Since the fear of vindictiveness may unconstitutionally deter a defendant's exercise of the right to appeal or collaterally attack his first conviction, due process requires that a defendant be freed of apprehension of such a retaliatory motivation on the part of the sentencing judge. A person convicted of an offense is entitled to pursue his statutory right to a trial de novo absent a fear of retaliation.
Defendant Perry was in prison when he got into a fight with another inmate. Perry was charged with the misdemeanor of assault with a deadly weapon. He was convicted in the district court. Under North Carolina law, a defendant convicted in the district court has a right to a trial de novo in the superior court. Perry therefore filed notice of appeal to the superior court. However, the prosecutor then obtained an indictment charging Perry with felony assault with a deadly weapon with intent to kill or cause serious injury. Perry entered a plea of guilty. Perry argued that his felony indictment was a penalty for exercising his right to a trial de novo and violated the Due Process Clause of the Fourteenth Amendment.
Because of his guilty plea to the felony charge in the Superior Court, was defendant Perry precluded from raising his constitutional claims in this federal habeas corpus proceeding?

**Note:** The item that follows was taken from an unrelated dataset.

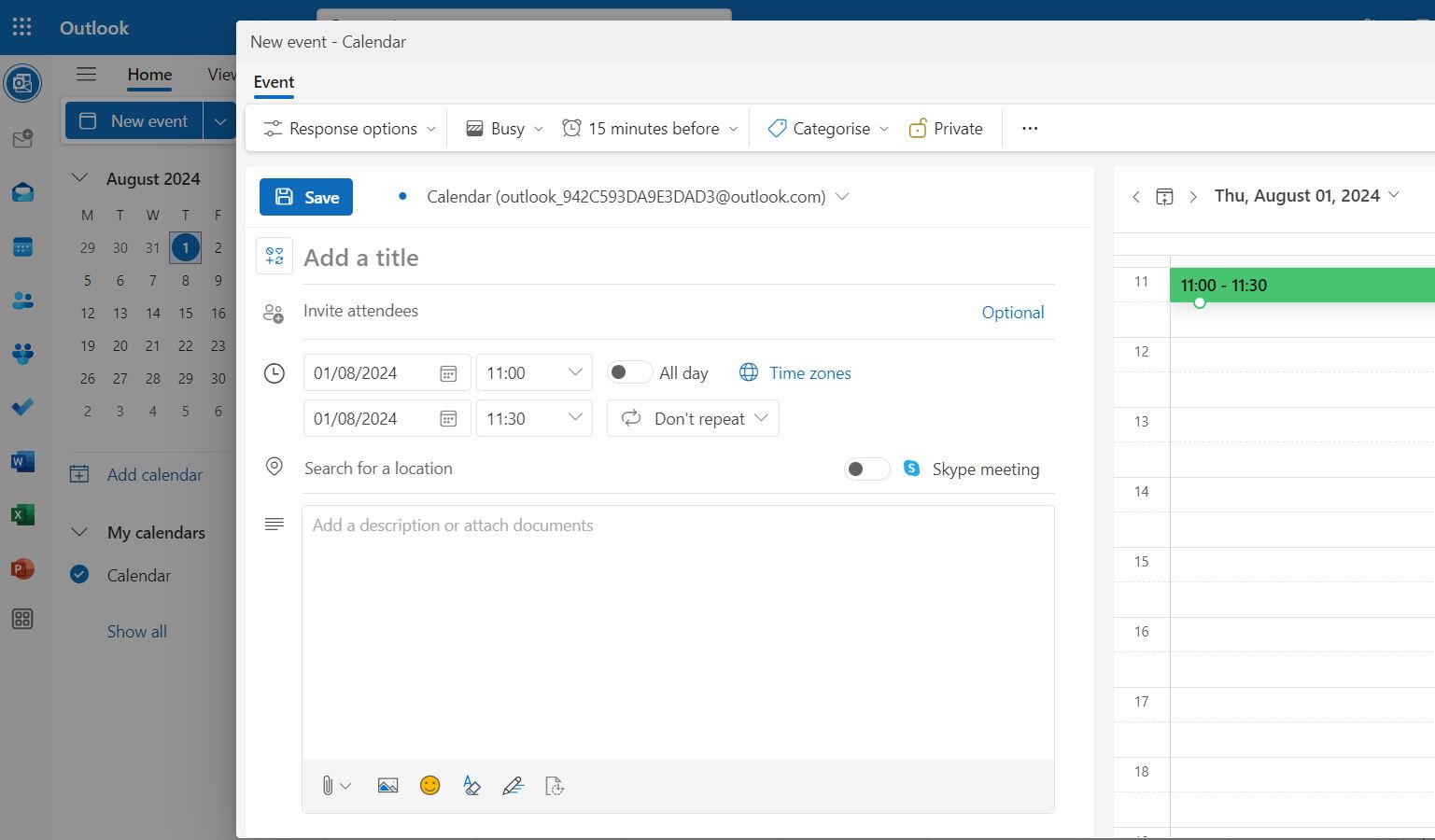 Event Title: Enter a clear, descriptive title such as “Out of Office,” “Vacation,” or “Business Trip.” This appears on your calendar and in any invites, making your unavailability immediately clear.

The Court affirmed the issuance of a writ of habeas corpus, because petitioner's charging a greater offense for the same conduct in respondent individual's de novo retrial of lower court conviction had the potential for vindictive abuse, and could unconstitutionally deter defendants from pursuing their appeal rights, and review by writ of habeas corpus of such a violation of due process was not precluded by respondent's guilty plea.